Field	Type	Description
job_id	string	The job ID, a unique identifier.
status	JobStatus	Job status.
messages	JobMessage	Repeated. Error details on job.

JobStatus

Job status as a keyword. See Job status vs. request status.

Name	Number	Description
JOB_STATUS_UNKNOWN	0	Job status not specified or unknown.
JOB_STATUS_QUEUED	1	Job is queued.
JOB_STATUS_PROCESSING	2	Job is processing.
JOB_STATUS_COMPLETE	3	Job is complete.
JOB_STATUS_FAILED	4	Job has failed.

JobMessage

Message about the job in progress.

Field	Type	Description
code	int32	Message code.
message	string	Job message.
data	map<string, string>	Additional key,value pairs.

GetWordsetMetadata

GetWordsetMetadata method consists of GetWordsetMetadataRequest and ~Response

Process flow for GetWordsetMetadata

GetWordsetMetadata input file, flow_getwordsetmetadata.py

from nuance.asr.v1beta1.training_pb2 import *

list_of_requests = []

request = GetWordsetMetadataRequest()
request.artifact_reference.uri = "urn:nuance-mix:tag:wordset:lang/names-places/places-compiled-ws/eng-USA/mix.asr"

#Add request to list
list_of_requests.append(request)
# ---

GetWordsetMetadata

def send_getwordsetmetadata_request(grpc_client, request, metadata=None):
    log.info("Sending GetWordsetMetadata request")

    metadata = []

    if args.meta:
        with open(args.meta if type(args.meta)is str else '.metadata', 'r') as meta_file:
            for n, line in enumerate(meta_file):
                header, value = line.split(':', 1)
                metadata.append((header.strip(), value.strip()))

    if args.nmaid:
        metadata.append(('x-nuance-client-id', args.nmaid)) 

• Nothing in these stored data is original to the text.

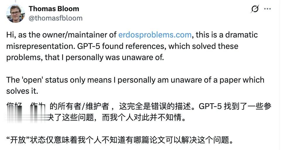 作为erdosproblems .com网站的拥有者和维护者,我得声明:OpenAI的说法明显夸大了事实。GPT-5只是通过网络搜索,找到了早已存在的论文,这些论文中早就解答了这些问题,只是我个人不知道而已。网站上的“未解”状态只是说明我尚未发现相关的论文,而不代表全世界数学界没有解决方案。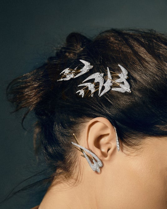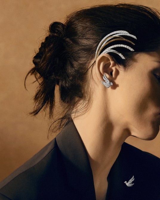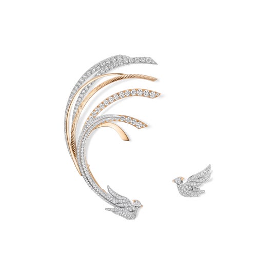 昨年発表した庭園をモチーフとしたハイジュエリーの世界から視点を空に向け、大地と大空の間を可憐に羽ばたく自由な鳥たちの姿に焦点をあてました。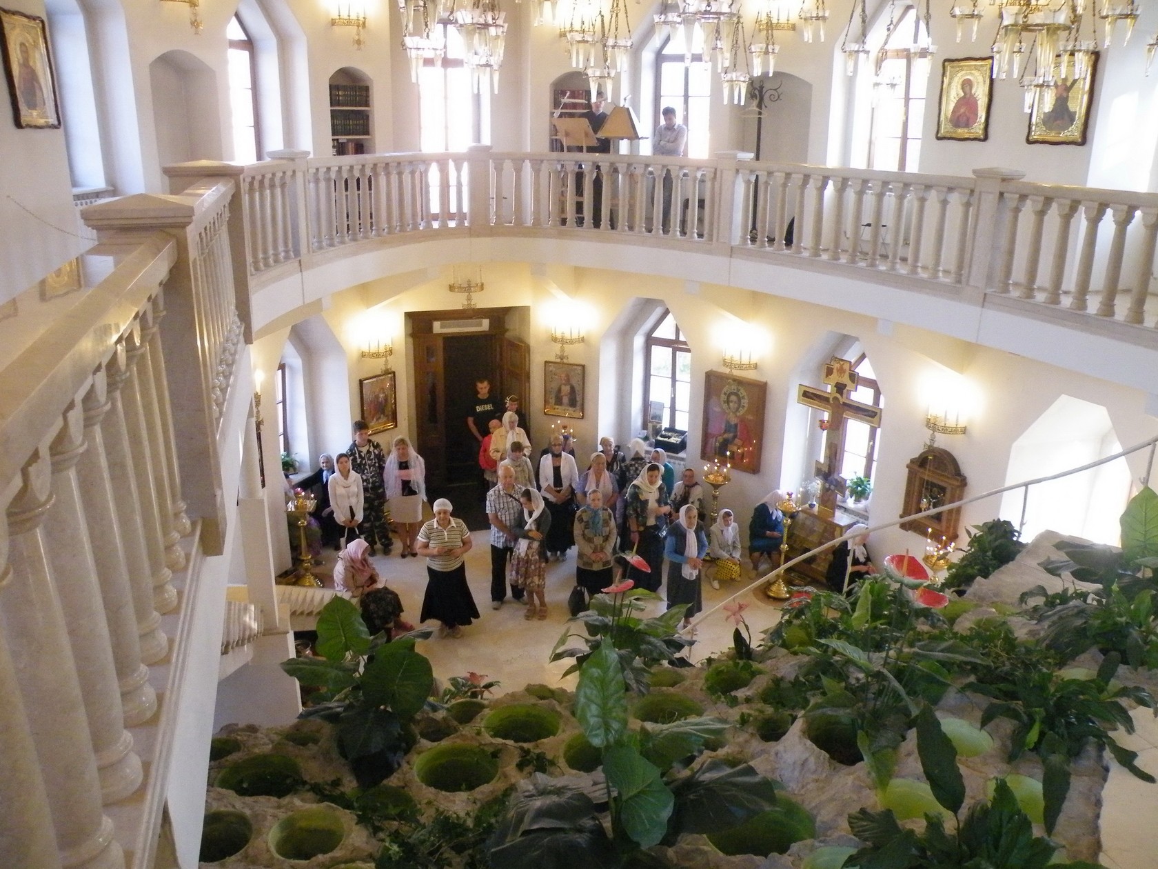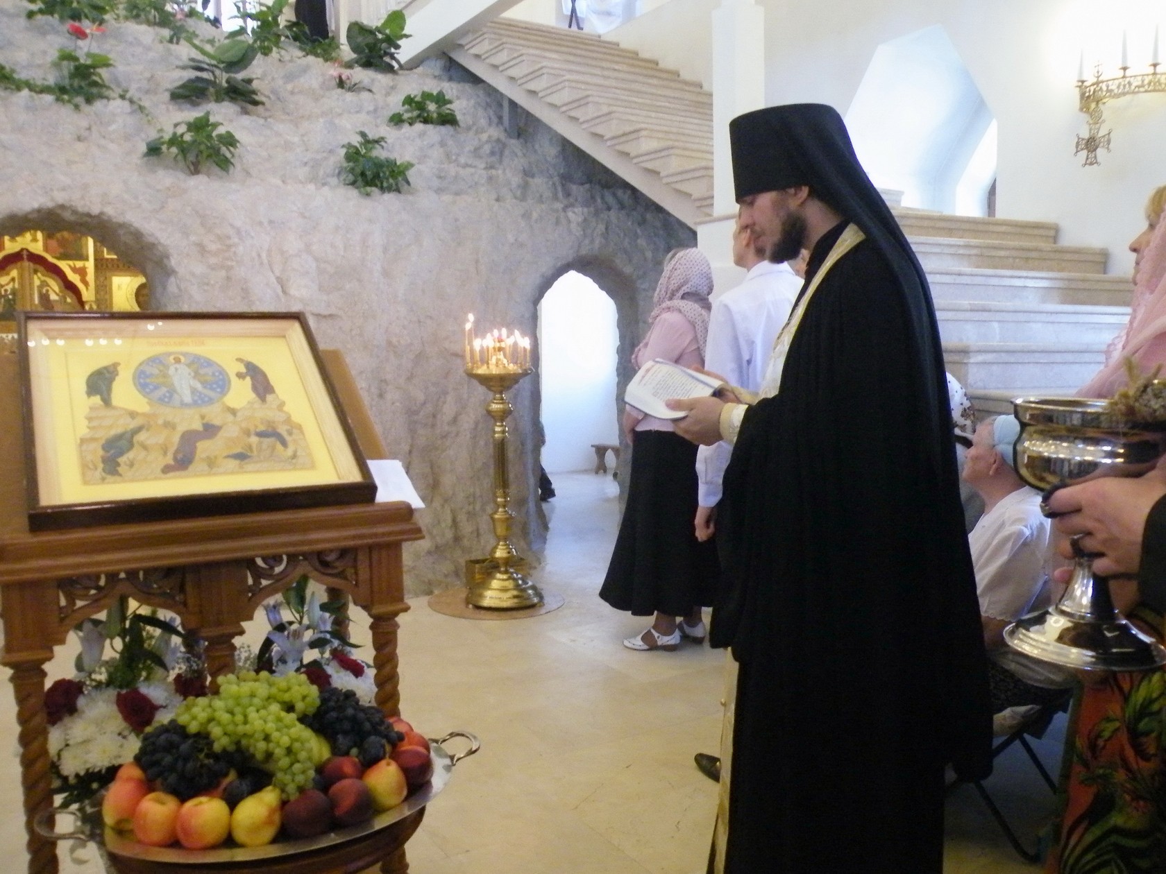 Праздничная служба в храме закончилась водосвятным молебном. В этот день в церкви исторически освящают «начатки плодов». Первые плоды нового урожая приносили к алтарю и в Ветхом Завете, по Закону Моисееву: "Начатки плодов земли твоей приноси в дом Господа, Бога твоего" (Исх. 23, 19). Завершился праздник праздничной трапезой в небольшом, но уютном дворе среди цветов и газонов. Перед уходом все, кто смог остаться на трапезу, сфотографировались на память.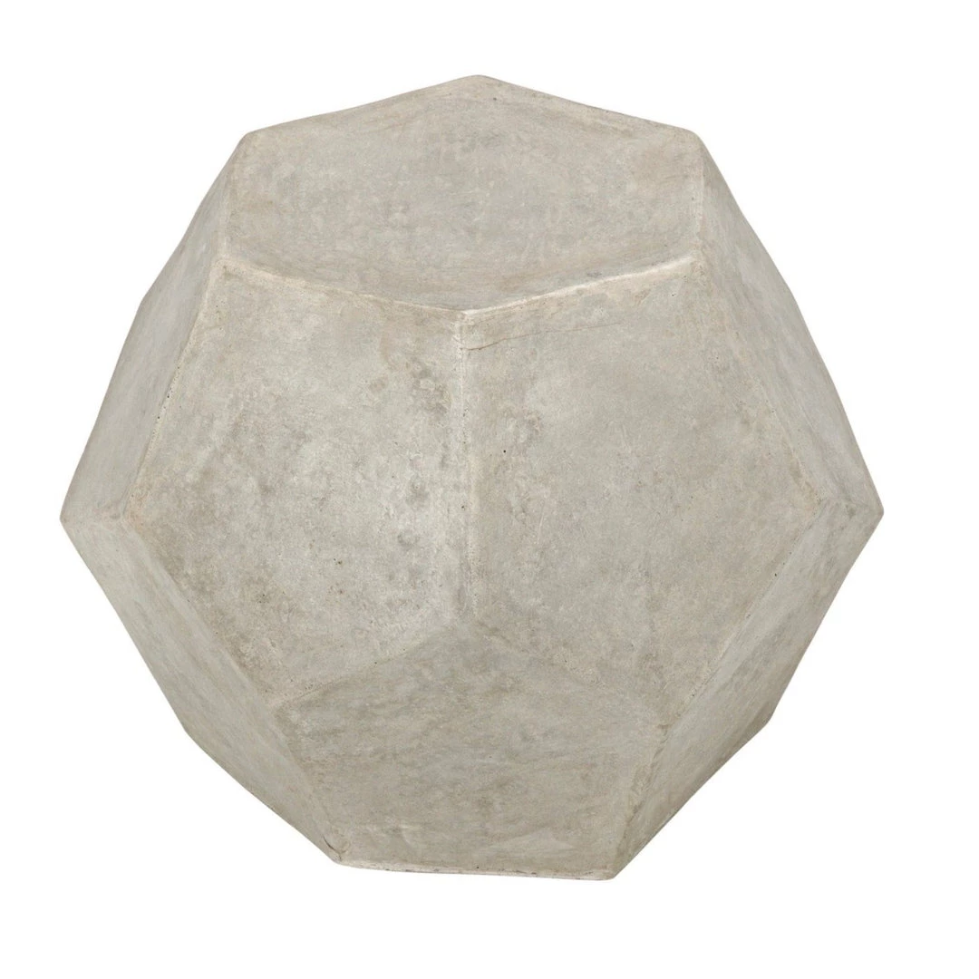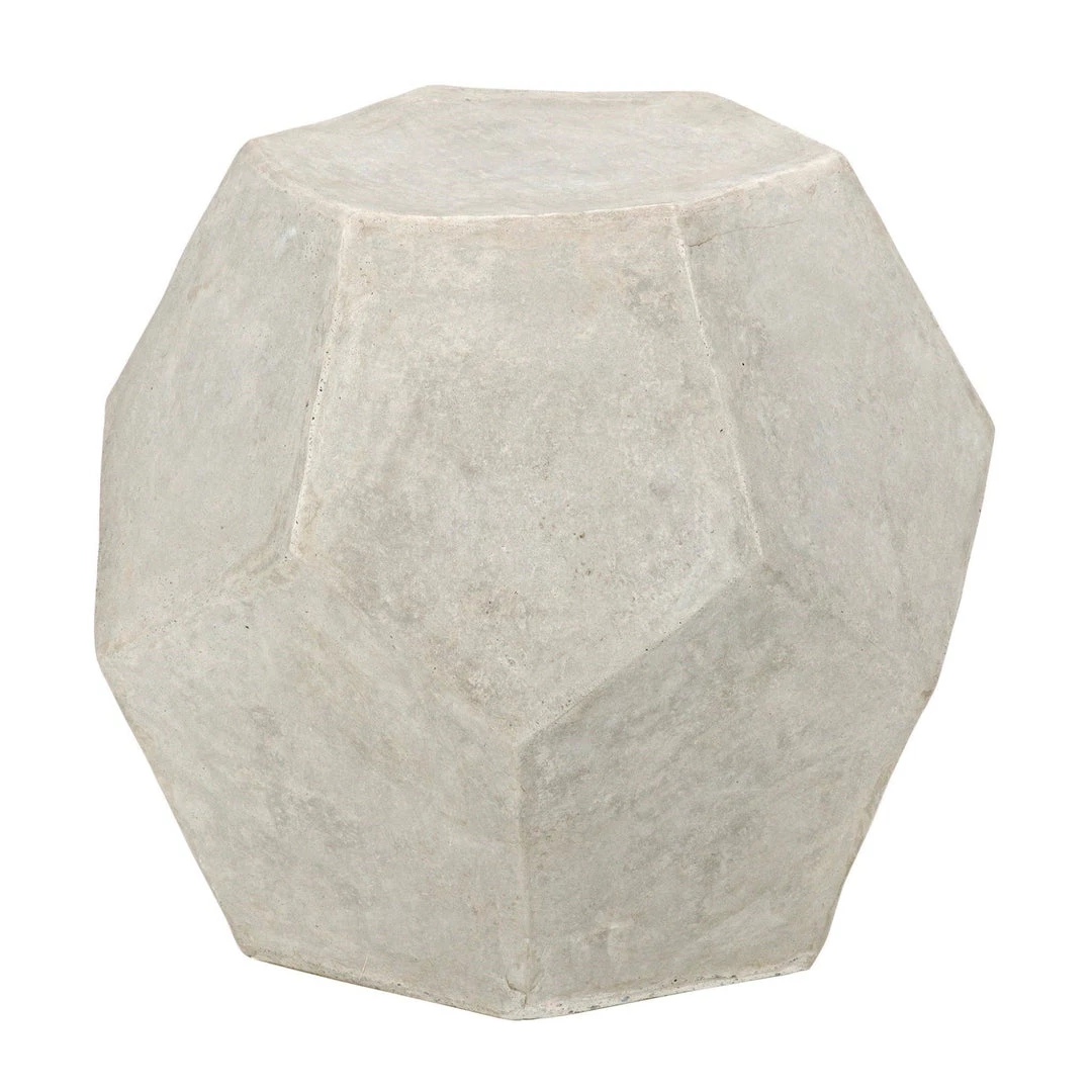 Sculpted of fiber cement, a unique material with a rich, natural texture, this bold side table has an intriguing geometric shape and a soft neutral finish that integrates easily into any modern decor.

    log.info("Sending request: {}".format(request))
    log.info("Sending metadata: {}".format(metadata))
    response = grpc_client.GetWordsetMetadata(request=request, metadata=metadata)
    log.info("Received response: {}".format(response))

This RPC method requests and returns information about a compiled wordset. This method consists of GetWordsetMetadataRequest and ~Response.

GetWordsetMetadataRequest
  artifact_reference (ResourceReference)
GetWordsetMetadataResponse
  metadata
  request_status (nuance.rpc.Status)

GetWordsetMetadataRequest

Request for information about a compiled wordset.

	Type	Description
artifact_reference	ResourceReference	Mandatory. Reference to the compiled wordset artifact.

GetWordsetMetadataResponse

Response information about a compiled wordset.

Field	Type	Description
metadata	map<string,string>	Default and client-supplied key,value pairs.
request_status	nuance.rpc.Status	Nuance RPC status of fetching the metadata.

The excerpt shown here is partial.